And it's nice to know someone does.

Evening! *nods*


----------



## screenman (11 May 2016)




----------



## steve50 (11 May 2016)

Dec66 said:


> Lovely day for a ride over the North Downs this morning, which I duly did.
> 
> Lots and lots of people out there with the same mindset, mostly ready to acknowledge a fellow cyclist in the opposite direction; many with a cheery "morning", some with a nod, some with a raised hand.
> 
> ...



You're on a hiding to nowhere with threads like this pal, been there, done that, all you will get is boat loads of sarcasm and snotty remarks (with the odd exception) It would appear you are in a minority if you raise a hand or nod to other like minded cyclists or maybe its got more to do with what I term "cycle snobbery" those among us who are too high and mighty to exchange a pleasantry whilst on the road as they are too busy trying to ace their next strava segment on their cf bike worth ££££'s.


----------



## martint235 (11 May 2016)

steve50 said:


> You're on a hiding to nowhere with threads like this pal, been there, done that, all you will get is boat loads of sarcasm and snotty remarks (with the odd exception) It would appear you are in a minority if you raise a hand or nod to other l*ike minded cyclists* or maybe its got more to do with what I term "cycle snobbery" those among us who are *too high and mighty to exchange a pleasantry whilst on the road as they are too busy trying to ace their next strava segment on their cf bike worth ££££'s*.


I think you may still be misunderstanding what some people (me included) have said.
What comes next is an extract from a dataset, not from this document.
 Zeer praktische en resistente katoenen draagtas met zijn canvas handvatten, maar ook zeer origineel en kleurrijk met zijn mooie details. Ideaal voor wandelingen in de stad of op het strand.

It's got nothing to do with snobbery (my commuting bike is a steel, disc brake job picked to do the job) and everything to do with the "like minded" bit: how do you know if I am like minded to you? I don't know you from Adam. I probably won't see you again and may not wish to. Some of what you perhaps consider sarcasm are people saying that they don't wave to other pedestrians or other train passengers. I don't think that's sarcasm it's comparing like with like.


----------



## screenman (11 May 2016)

Is there are chance that the waving thing goes back a while, I was told about it by my club elders back in 69. Maybe people new to the game might not have been shown those ways, as a though when I first moved to this village most people said good morning, now even though I do ever time it is getting fewer back. Are people under too much stress which cuases them to be grumps?


----------



## steve50 (11 May 2016)

martint235 said:


> I think you may still be misunderstanding what some people (me included) have said. It's got nothing to do with snobbery (my commuting bike is a steel, disc brake job picked to do the job) and everything to do with the "like minded" bit: how do you know if I am like minded to you? I don't know you from Adam. I probably won't see you again and may not wish to. Some of what you perhaps consider sarcasm are people saying that they don't wave to other pedestrians or other train passengers. I don't think that's sarcasm it's comparing like with like.
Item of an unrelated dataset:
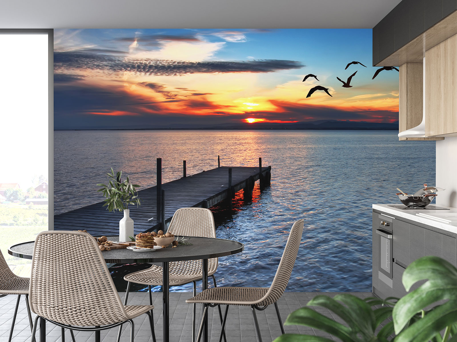 www.lumalea.de > Tapeten > Panoramische Tapeten > Rund um das Meer > Fototapete - Ponton Sonnenuntergang

No misunderstanding at all, i started a very similar thread when I was quite new to these forum and got flamed to hell and back for my efforts, sarcasm of the highest order and snotty remarks by the dozen , one learns and moves on. 
End of!


----------



## LCpl Boiled Egg (11 May 2016)

I was driving the other day and I thought I'd acknowledge the other car drivers, you know, because we're all driving cars, yeah? Anyhoo, there I am, flashing my lights and waving frantically and you know what? Not one person waved back. Some people in front even pulled over to the side rather than wave in their mirrors. Grumpy buggers. Even the policeman didn't smile once, and he'd made a special effort to get me to pull over and talk to him.

What is it with people these days?


----------



## Inertia (11 May 2016)

steve50 said:


> No misunderstanding at all, i started a very similar thread when I was quite new to these forum and got flamed to hell and back for my efforts, sarcasm of the highest order and snotty remarks by the dozen , one learns and moves on.
> End of!


Ive been on here a little while and I dont Ive seen much flaming except between a few people who have known each other a long time.


----------



## steve50 (11 May 2016)

ABikeCam said:


> I was driving the other day and I thought I'd acknowledge the other car drivers, you know, because we're all driving cars, yeah? Anyhoo, there I am, flashing my lights and waving frantically and you know what? Not one person waved back. Some people in front even pulled over to the side rather than wave in their mirrors. Grumpy buggers. Even the policeman didn't smile once, and he'd made a special effort to get me to pull over and talk to him.
> 
> What is it with people these days?



And there you have it , sarcasm of the highest order. Some of you guys just can't help yourselves can you.


----------



## Dogtrousers (11 May 2016)

ABikeCam said:


> I was driving the other day and I thought I'd acknowledge the other car drivers, you know, because we're all driving cars, yeah? Anyhoo, there I am, flashing my lights and waving frantically and you know what? Not one person waved back. Some people in front even pulled over to the side rather than wave in their mirrors. Grumpy buggers. Even the policeman didn't smile once, and he'd made a special effort to get me to pull over and talk to him.
> 
> What is it with people these days?


I hope you do the little wave or flash of lights when someone lets you in, or pulls in to let you pass. Because if you don't then your ears will be burning just a bit.


----------



## Glow worm (11 May 2016)

steve50 said:


> And there you have it , sarcasm of the highest order. Some of you guys just can't help yourselves can you.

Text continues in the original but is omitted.